Питерису не посчастливилось вернуться на родину в первые годы после войны, иначе он обязательно выдвинулся бы на видное место благодаря незаурядной предприимчивости. Когда вся добыча была поделена и все хорошие места заняты, оказалось, что полный благих намерений человек остался не у дел. Правда, Питерис несколько раз вступал в разные партии, но неизменно оставался в тени, не мог выбиться в люди, хотя душа жаждала деятельности большого масштаба, высокого полета. Годы шли. Питерис поблек, пожелтел, кости у него уже поламывало, и досада на пренебрегшее им общество отравляла всю его жизнь.

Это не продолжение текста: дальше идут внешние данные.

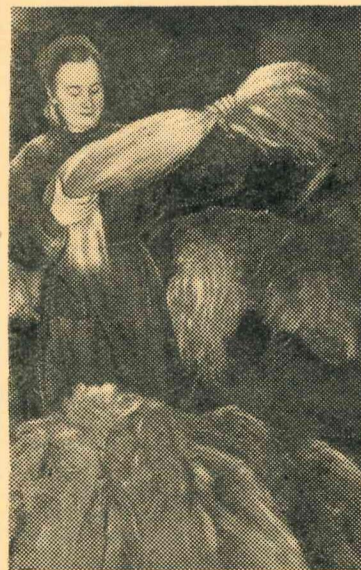
Attēlā: F. Ivanova šķiro linus. Maiņas uzdevumus viņa izpilda par 140—150 procentiem.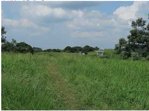
展望台方面の展望。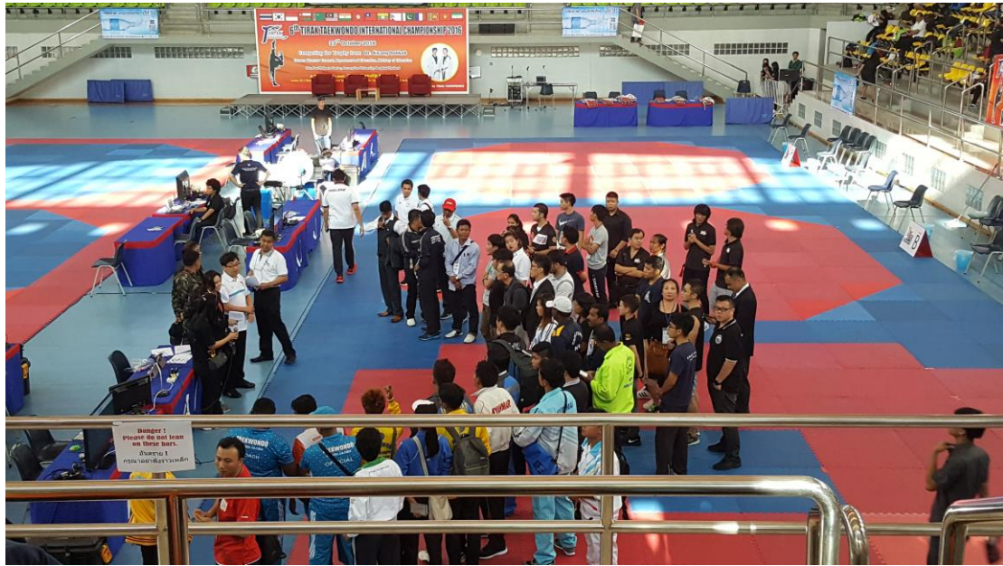
圖 11 賽前教練會議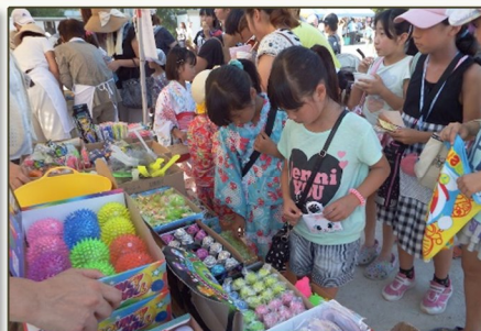
多くの屋台を楽しみました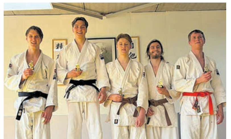
De clubkampioenen gehuldigd.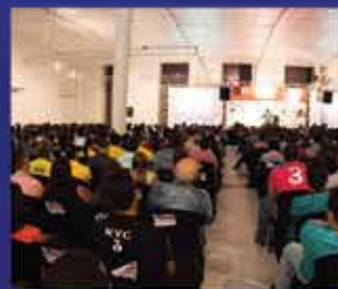
800 Pessoas em Arapiraca-AL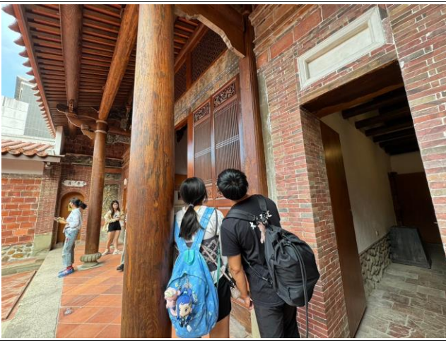
學生仔細觀察古蹟的建築架構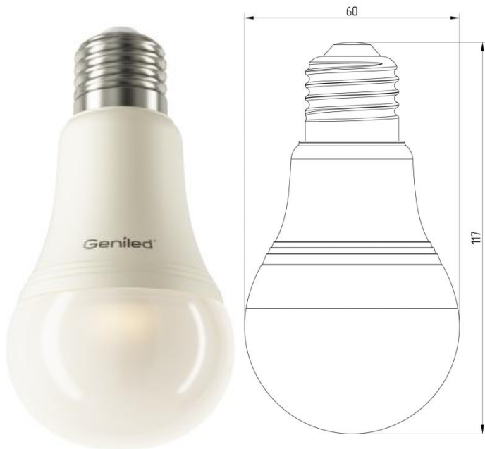
Рисунок 1 – Внешний вид.

Светодиодная лампа Geniled E27 A60 12W - со светодиодами повышенной яркости NationStar SMD 3528. Эффективный теплоотвод достигается за счет плотного соединения светодиодной платы с алюминиевым радиатором, который покрыт термопроводящим пластиком. Колба лампы выполнена из ударопрочного матового поликарбоната. Лампа используется в светильниках и бра с цоколем E27 в качестве замены традиционных ламп типа «груша».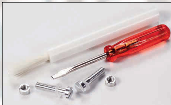
▲ Befestigungsschraubchen, Kontermuttern, Dreher und Nadelpinsel finden sich im Beipack.

Im Vergleich untereinander erscheint das „S“ allerdings im Auftritt gediegener, in den Stimmen geschmeidiger und obenherum aufgefächelter sowie feiner, nicht ganz so gepfeffert in der Attacke und Prägnanz. Zudem lässt das schwarze Hana das Klangbild um einen Schritt nach hinten treten und gibt der Darstellung mehr räumliche Tiefe, was insbesondere der Wirkung von atmosphärischem Jazz und Orchestern zugute kommt. Dabei ist anzumerken, dass sich beide MCs der direkten Ansprache des Hörers verschrieben haben und sich bei der Abbildung eher zum vorderen Bühnenrand hin orientieren, aber in diesem kompakteren Format sämtliche Teile präzise umreißen und staffeln. So ist's in Japan ja durchaus der Brauch.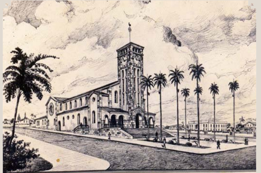
IGREJA MATRIZ DO SUMARÉ - CAMPINAS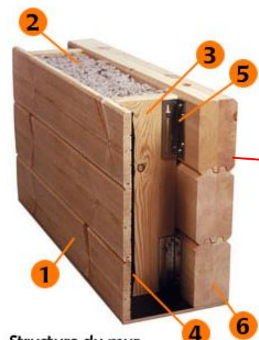
Structure du mur avec isolation intérieure supplémentaire

В родном приморском поселке умерла мать, прожившая последние годы в полном одиночестве. Андрей не виделся с нею почти десять лет и, как подобает всякому порядочному человеку и любящему сыну, в эти траурные дни много думал об усопшей, невольно отождествляя ее судьбу с судьбой других поморян. Разве не таким же позабытым, незамеченным был этот люд, чья жизнь протекала в тихих поселках у дюн или за работой в море? Кто думал о них, кто защищал их интересы, когда высокопоставленные государственные деятели вершили их судьбы? В государстве был сейм, целые месяцы подряд сотни людей произносили длинные речи и сочиняли законы. У хуторянина, у ремесленника, у горожанина были там свои люди, которые без устали твердили об их правах. А где был заступник рыбака? Такой еще не родился.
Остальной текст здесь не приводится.